The artist and architect Maya Lin is best known for her work designing the Vietnam Veterans Memorial in Washington D.C. Lin designed that monument in 1981 when she was still a college senior. Since then, she’s gone on to design numerous buildings, sculptures, and landscape installations around the world.

Her latest exhibition Maya Lin: Flow opens Saturday at the Grand Rapids Art Museum. Stateside talks to the museum’s chief curator Ron Platt about Lin’s inspiration for the exhibit, and what visitors can expect to see.

Platt says the exhibit gets its name from its focus on water, and is made up of seven large scale sculptural works.

“They sort of represent her different interests in scientific mapping and technology, her real sort of savvy understanding of materials and what they can do, and then her just interest in the environment and humankind’s relationship to the natural world,” Platt explained.

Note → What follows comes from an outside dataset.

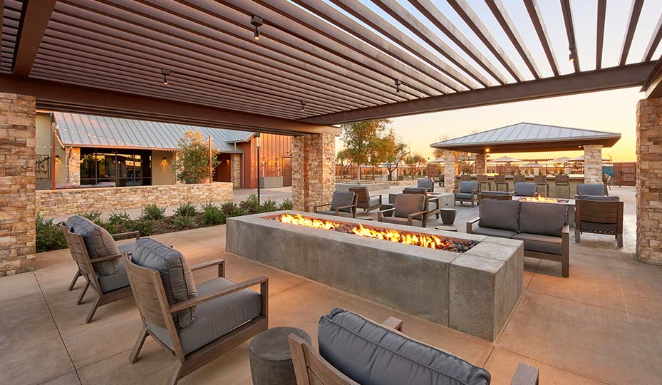 The expansive grounds of The Lodge at Riverstone feature an outdoor bar as well as comfortable gathering places surrounding stylish firepits.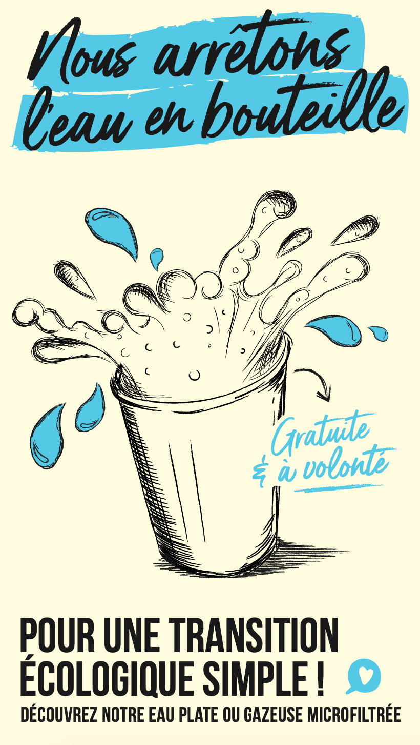 Pour continuer sur cette belle lancée, cette année, nous avons décidé d’arrêter la vente d’eau en bouteille plastique dans l’ensemble de nos restaurants.

Lin created two new works for this exhibit that feature Michigan bodies of water. “Pin River” is a representation of the Grand River watershed created with tens of thousands of steel pins stuck in the gallery wall. Another new sculpture titled “The Traces Left Behind” stretches 15 feet long, and shows a series of North American lakes rendered in recycled silver reliefs.

“It shows all of the lakes, starting with Great Bear lake up near the Arctic circle going down all the way through the Great Lakes, all of the lakes which were created by the melting and movement of the glaciers,” said Platt.

One of the reasons the Grand Rapids Art Museum was interested in curating this new exhibit, Platt says, was to draw attention to “Ecliptic.” That’s the landscape installation and park designed by Lin that sits directly in front of the museum. It is better known as Rosa Parks Circle. That work, which Lin designed two decades ago, also centers around water in its different forms. It features a winter ice rink, a water vapor fountain, and a flat black stone fountain.  

“Another thing about the piece that I think is so remarkable is it’s kind of date stamped. If you think about the lights that shine up through the floor of the rink, they’re based on a map of the sky above Grand Rapids at the turn of the millennium,” Platt said.

Maya Lin: Flow will also feature a smaller documentary exhibit on the creation of “Ecliptic” featuring models of the park and video footage. The exhibit will open Saturday, May 18 and run through September 8.